Respiratory System Function: What Functions Does This Important System Perform To Keep Us Alive?

It is the group of tissues and organs in your body that allow you to breathe.

This system includes the airways , lungs, blood vessels, and muscles attached to them that work together to enable you to breathe.

Respiratory system function

The main function of the respiratory system is to supply oxygen to all parts of your body. You do this by breathing – inhaling oxygen-rich air and exhaling air filled with carbon dioxide, which is a waste gas.

The respiratory system is made up of airways (your nose, mouth, voice box, windpipe, and bronchial tubes), the lungs, muscles, and blood vessels connected to them.

Through breathing, inhalation and exhalation, the respiratory system facilitates the exchange of gases between the air and the blood and between the blood and the cells of the body. The respiratory system also helps us smell and create sound. The following are the five key functions of the respiratory system:

Inhalation and exhalation form lung ventilation, that is respiration

The respiratory system assists in breathing, also called lung ventilation. In pulmonary ventilation, air is inhaled through the nasal and oral cavities (the nose and mouth). It moves through the pharynx, larynx, and windpipe into the lungs.

Then the air is exhaled and flows back the same way. Changes in the volume and pressure of the air in the lungs trigger pulmonary ventilation. During normal inhalation, the diaphragm and external intercostal muscles contract and the rib cage rises.

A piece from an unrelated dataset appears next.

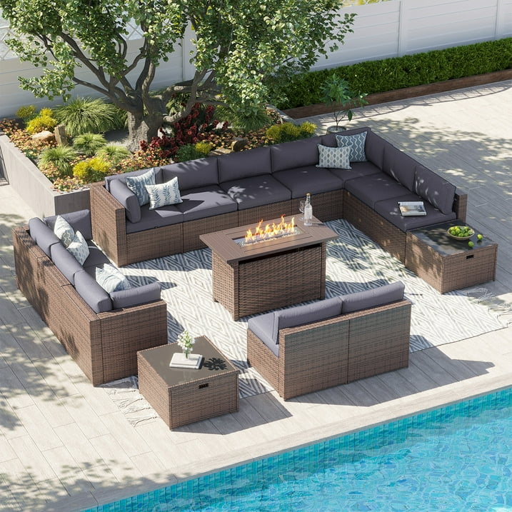 - Versatile and Comfortable: Our 15-piece patio set includes 8 armless sofas, 4 corner sofas,a firepit table and 2 coffee tables, making it perfect for various outdoor spaces like patios, porches, backyards, balconies, poolside areas, and gardens. The plush cushions, filled with high-quality sponge or cotton, ensure superior comfort for an exceptional lounging experience
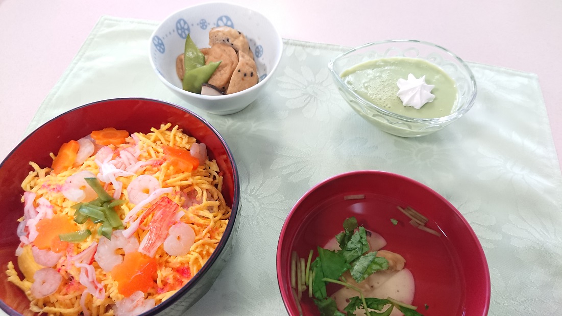 ひな祭りに因んだ献立と例年なっており、皆様期待しながら少しお待ち頂いて並びましたのはこちらになります。

As the volume of the lungs increases, the air pressure decreases and the air enters quickly. During normal exhalation, the muscles relax. The lungs become smaller, the air pressure increases, and the air is expelled.

External respiration exchanges gases between the lungs and the bloodstream

Inside the lungs, oxygen is exchanged for carbon dioxide waste through a process called external respiration. This respiratory process takes place through hundreds of millions of microscopic sacs called alveoli.

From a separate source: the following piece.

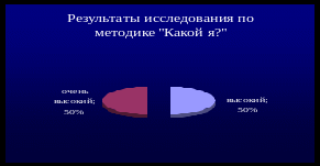 Проведя исследование по данной методике, мы получили следующие результаты. У пятерых детей (Соня Л., Лера М., Леша Л., Рома Л.) очень высокий уровень самооценки. Все перечисленные выше набрали по 10 баллов, у пятерых – высокий уровень самооценки, причем, двое (Алиса Ю. и Костя К.) набрали по 8,5 баллов каждый, трое (Денис Х., Саша П., Стася И.) набрали по 9,5 баллов каждый. (подробнее см. Приложение № 2). В процентном соотношении это выглядит следующим образом. (см. рис. 1)

Oxygen from the inhaled air diffuses from the alveoli into the surrounding pulmonary capillaries. It binds to the hemoglobin molecules in red blood cells and is pumped through the bloodstream. Meanwhile, the carbon dioxide in the deoxygenated blood diffuses from the capillaries into the alveoli and is expelled by exhalation.

Internal respiration exchanges gases between the bloodstream and body tissues.

The blood stream supplies oxygen to cells and removes residual carbon dioxide through internal respiration, another key function of the respiratory system. In this respiratory process, red blood cells carry oxygen that is absorbed from the lungs around the body through the vasculature.

When the oxygenated blood reaches the narrow capillaries, the red blood cells release the oxygen. It diffuses through the capillary walls into the tissues of the body. Meanwhile, carbon dioxide diffuses from tissues to red blood cells and plasma. Deoxygenated blood carries carbon dioxide to the lungs for release.

The air that vibrates the vocal cords creates the sound.

Phonation is the creation of sound by structures in the upper respiratory tract of the respiratory system. During exhalation, air passes from the lungs through the larynx or ” voice box .” When we speak, the muscles of the larynx move the arytenoid cartilages.

The arytenoid cartilages push the vocal cords. When the cables are brought together, the air passing between them causes them to vibrate, creating sound. Greater tension on the vocal cords creates faster vibrations and higher pitched sounds. Lower tension causes slower vibration and lower pitch.

Smell or odor is a chemical sensation

The olfaction process begins with olfactory fibers that line the nasal cavities within the nose. As air enters the cavities, some chemicals in the air bind and activate the receptors of the nervous system in the cilia.

This stimulus sends a signal to the brain: neurons take the signal from the nasal cavities through openings in the ethmoid bone, and then to the olfactory bulbs. The signal travels from the olfactory bulbs, along cranial nerve 1, to the olfactory area of ​​the cerebral cortex.